The Mir Space Station - rmason
http://motherboard.vice.com/read/the-mir-space-station-was-a-marvel-a-clusterfuck-and-an-underdog-hero
======
martinpw
Speaking of science on MIR, I was working in a space research department that
was involved in building an X-ray telescope that was attached to MIR. It
actually at one point got repaired in flight with a spacewalk to install a
replacement detector:

[http://www.sron.nl/hea-update-
category-1211/100-hea/2308-com...](http://www.sron.nl/hea-update-
category-1211/100-hea/2308-comis--ttm-on-the-mir-space-station.html)

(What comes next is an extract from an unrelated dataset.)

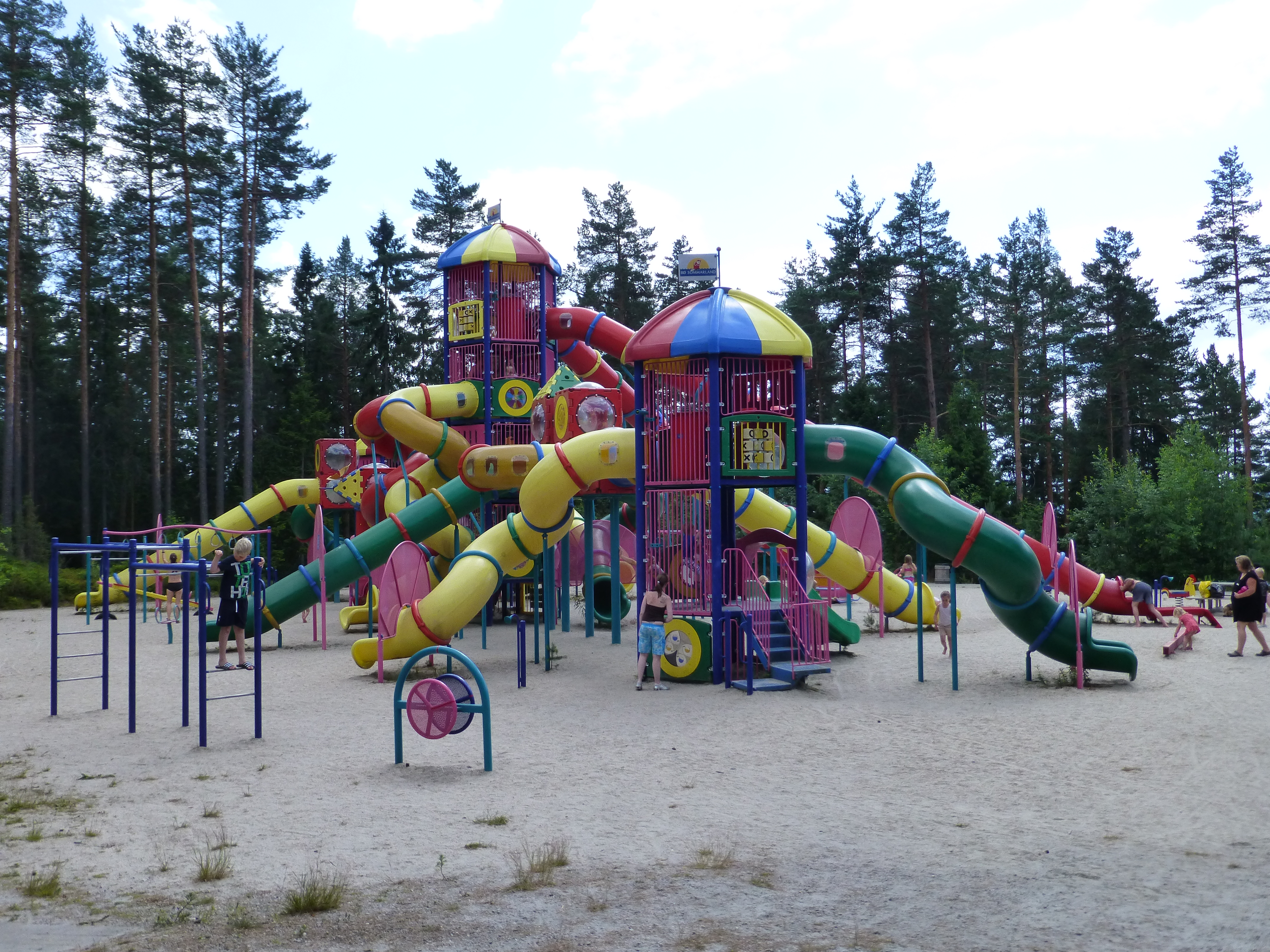 Playground in Norwegian amusement park "Bø Sommarland" in Bø, Telemark.

Ended up in use for several years. One of the challenges was that the whole
space station had to be reoriented to point the telescope, so it was tough to
get to look at what you wanted to see when you wanted to see it. The
technology was cool though. It was designed for hard X-rays (up to 30keV). At
the time mirrors that were used to focus X-rays (using grazing incidence)
could not focus above a few keV. Pinhole camera optics worked at higher
energies but obviously have low throughput. The solution was basically lots of
pinholes arranged in a pattern that produced a highly overlapped image, but
overlapped in a way that allowed a unique deconvolution and reconstruction of
the original source, so you ended up with both relatively high resolution and
also high sensitivity.

Decent high level description here:

[http://www.paulcarlisle.net/codedaperture/](http://www.paulcarlisle.net/codedaperture/)

As mirror technology has improved it is possible to image high resolution
X-rays with mirrors now, but gamma rays are still an application for coded
masks.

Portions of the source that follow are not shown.